This article details the process we take to build an MVP and guidelines we use to make technical implementation decisions using a concrete example: our new machine-learn powered bookmarking tool Pensive. Like any process, ours isn’t perfect, but we are happy with how it has evolved and what we have accomplished with it.

The Product

The latest iteration of our Pensive experiment- A chrome extension

The idea for Pensive grew from a couple of simple observations:

  • I know several people, myself included, who tend to text themselves links to things they want to remember.
  • The user experience of finding those links later isn’t very great (to put it mildly).
  • My business partner, Danny, has incredibly well-curated bookmarks and while I want that for myself, I’m not willing to put in the work.

Our initial experiment then became: “What if we gave people an iPhone App to which they could share links so they could be organized and indexed for later retrieval?”

The keen observers among you have probably realized that the gif above does not include an iPhone App! The third part of this series details our pivots and compromises. There, I’ll talk about how we got to a Chrome extension and how we’re still using the mobile App today.

Our team sat down to sketch out what we thought the minimal product to test our hypothesis would look like. We imagined an iPhone app with a list of links, looking not all that dissimilar from iMessage. The links would have labels, automatically applied with machine learning. At the top, a search field would let you filter links by their content, not just their titles or user-provided metadata, and the bottom would have a few navigation buttons, one taking you to a browse view where you could filter by label and scroll through the links you saved.

Next, we came up with some metrics that we wanted to track: number of links added, how often links were automatically classified, how often users classified the links themselves, and how often users followed a link from within the app.

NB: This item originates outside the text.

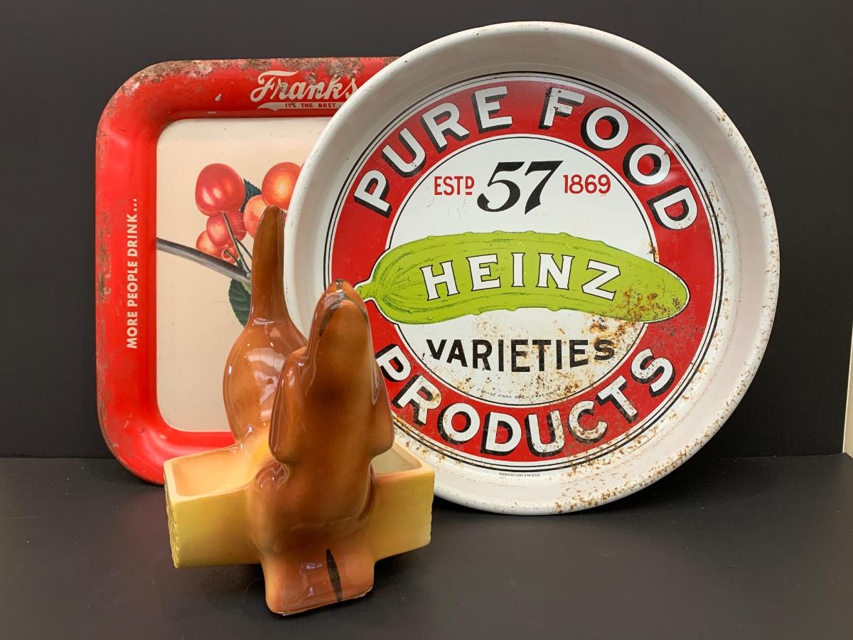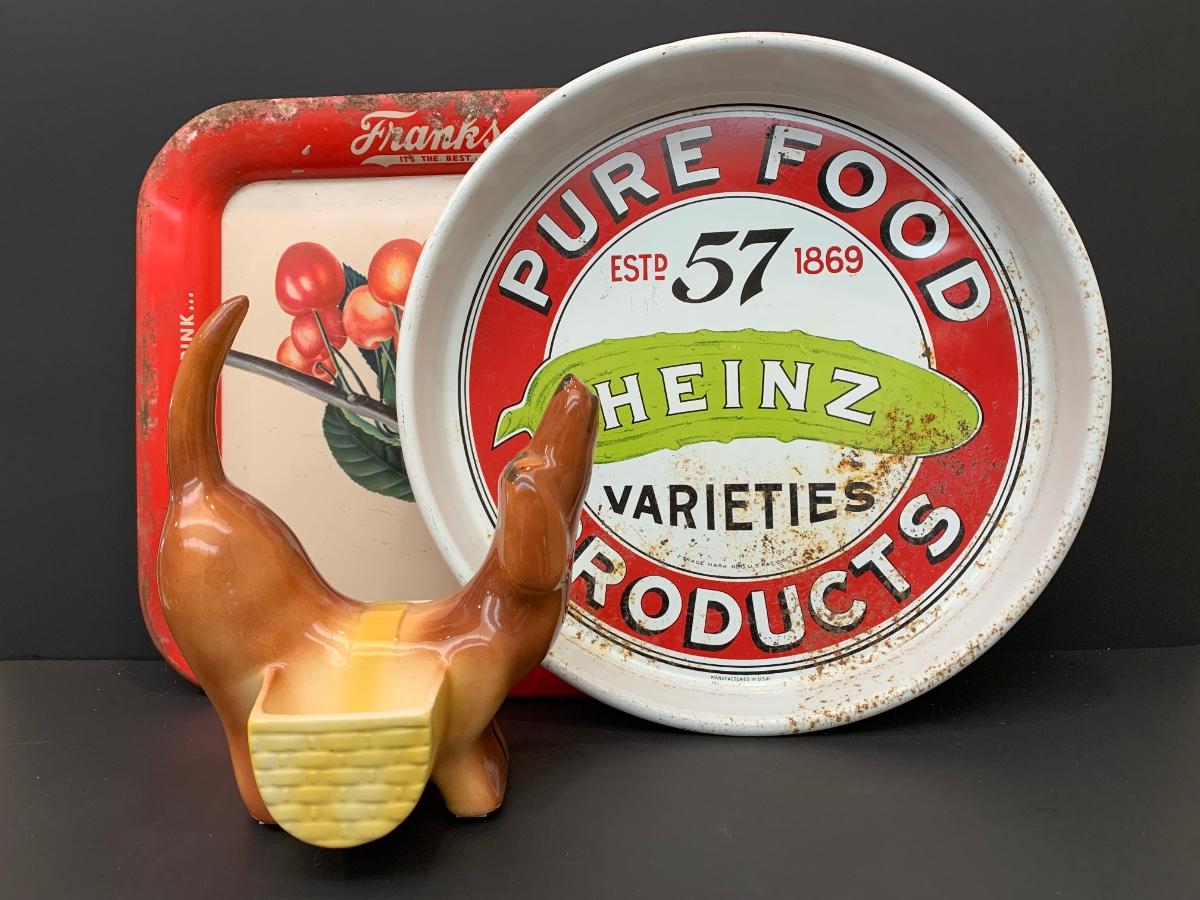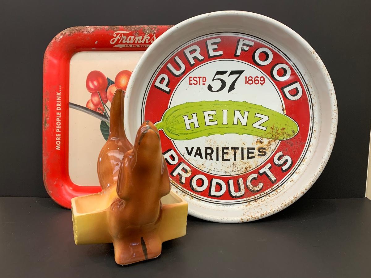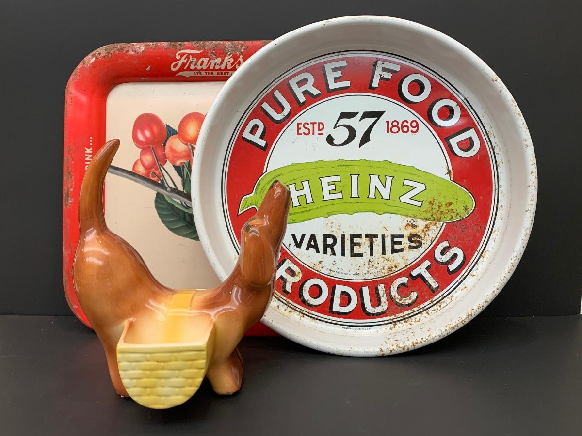 LOT 44: Vintage Advertising Trays and "Hotdog" Dog Condiment Holder

Minimum Viable Analytics, courtesy of CloudWatch

With these decisions made, we were ready to start implementation.

The Process

Developers typically face several, sometimes competing priorities and concerns. When I am building a solution, whether I’m adding a single feature to a large codebase or designing the architecture for a greenfield project, I keep three main priorities in mind:

  • Speed. By this I mean “time to market”, or how quickly I can deliver features to my users. Time is money, and a developer’s time is notoriously expensive.
  • Stability. How quickly a developer delivers code means nothing if the code doesn’t work. We should strive for software and designs that minimize bugs and downtime.
  • Maintainability. Even if our design is sacrificial or our experiment fails, the chance that we’ll never have to change our code is practically zero. In fact, I would say that even a project that eventually ends up in the trash is likely to require hundreds of small changes and iterations along the way as you test your hypotheses.

In every day conversation, you’ll often hear me combine these last two bullet points into a single idea: craftsmanship. This is convenient because we now have two principles, speed and craftsmanship, which often feel at odds with one another. At some level this is certainly true: most of us can relate to the idea of a shoddily built house thrown up in a few months that could be sold more quickly than a well-built house with a strong foundation.

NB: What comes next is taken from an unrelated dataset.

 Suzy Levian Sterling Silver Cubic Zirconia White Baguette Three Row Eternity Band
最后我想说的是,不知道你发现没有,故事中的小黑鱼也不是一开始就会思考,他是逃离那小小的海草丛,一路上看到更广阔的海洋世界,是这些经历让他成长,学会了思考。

The analogy breaks down, however, when you consider the life-span of software. It’s safe to assume that someone (probably you, but maybe not) is going to have to make many changes to your code over time. Perhaps counterintuitively, the more successful your project, the more changes will be required. The cumulative effect of poor stability and maintainability is that you move slower, while the cumulative effect of high stability and maintainability is that you move quicker. If the walls of your house collapse when you try to hang a picture on the wall, you’ll be having heated words with the construction company.

It is important to draw a distinction between high craftsmanship and over-engineering — it is easy to conflate the two and the every developer is guilty of this at some point, including me (especially me). Continuing with the house analogy- though you’d make sure the foundation of your well-built house is strong, you wouldn’t it build it deep enough to support a high-rise in a residential neighborhood.

You’ll hear me call writing code with high speed, stability, and maintainability but low over-engineering pragmatic development. Next, I’ll give a few guidelines for pragmatic MVP development and how we applied them when building Pensive.

Pick technologies and design patterns your team knows, have high adoption in the community, and are optimized for speed instead of efficiency.

Side-projects can be a great way to learn new technologies, but if you are seriously trying to launch an MVP, you should go with something that you and your team know well. At vspr.ai, we primarily use Java and Javascript, so our main stack for Pensive is React/React-native on the front end and Node.js on the back end. Node.js might not be the most efficient technology in terms of scaling and speed, but it allows us to leverage our full-stack development expertise. Additionally, the popularity of Javascript means we shouldn’t have too much difficulty scaling our team if it becomes necessary. Node.js is also a very productive framework, both in terms of the modern Javascript language itself and the open source community providing tools and utilities for it.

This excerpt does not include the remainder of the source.